Experimental study of the bistatic acoustic scattering from cylindrical shell

Abstract

The acoustic scattering technique is a powerful tool in the non-destructive control and evaluation of structures. In many real applications, it is important to study the acoustic scattering in bistatic configuration (the emitter is far from the receiver) since it allows to give multiple viewpoints of the considered structure. The present paper investigates both theoretically and experimentally the acoustic scattering in different viewpoints of a cylindrical shell. To analyse the bistatic evolution of the acoustic scattering, we call upon the clockwise and counterclockwise waves propagating on the cylindrical shell. The use of time–angle representation gives a map of the different waves circumnavigating around the shell.
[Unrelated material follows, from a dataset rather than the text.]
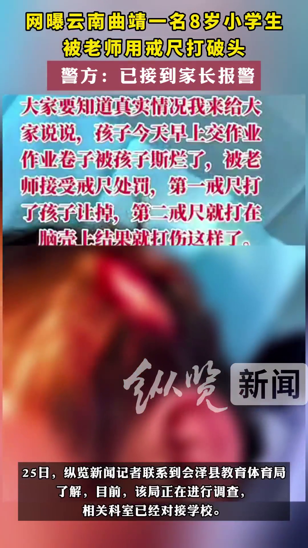 据纵览新闻报道:12月25日,有网友发视频反映,云南曲靖会泽县一名三年级的学生因为交作业时,卷子出现破损,结果被老师用戒尺打破头,血流不止。25日,纵览新闻记者联系到会泽县教育体育局了解到,目前,该局正在进行调查,相关科室已经对接学校。 这名网友自称是孩子的家长,说孩子今年上小学三年级。25日早上交作业时,因卷子被孩子撕烂,结果遭到老师的戒尺惩罚。第一次,老师打孩子时,孩子将手伸了回去,结果,第二
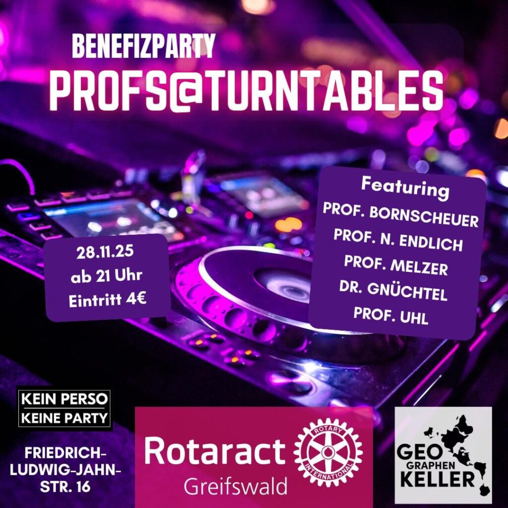 Es ist wieder soweit! Eure Profs legen in unseren heiligen Hallen für Euch auf. Zusammen mit Rotaract veranstalten wir wieder die Profs@TurnTables Party

This representation allows to show the chronological evolution of the acoustic scattering as a function of the azimuthal angle. The conducted spectral analysis reveals that the frequency content of the scattered acoustic response varies from one location to another. The majority of the resonant frequencies can be detected in the monostatic configuration (the emitter and receiver are co-located). The application of the time–frequency method on the experimental acoustic signals recorded in different viewpoints of the shell allows to analyse and follow the time and frequency shifts of the clockwise and counterclockwise waves propagating on the cylindrical structure. The echo patterns observed in the time–frequency plane are used to estimate the arrival times of the clockwise and counterclockwise waves as a function of the azimuthal angle. Based on the obtained arrival times, we estimate the delay between the clockwise and counterclockwise waves and therefore their group velocities.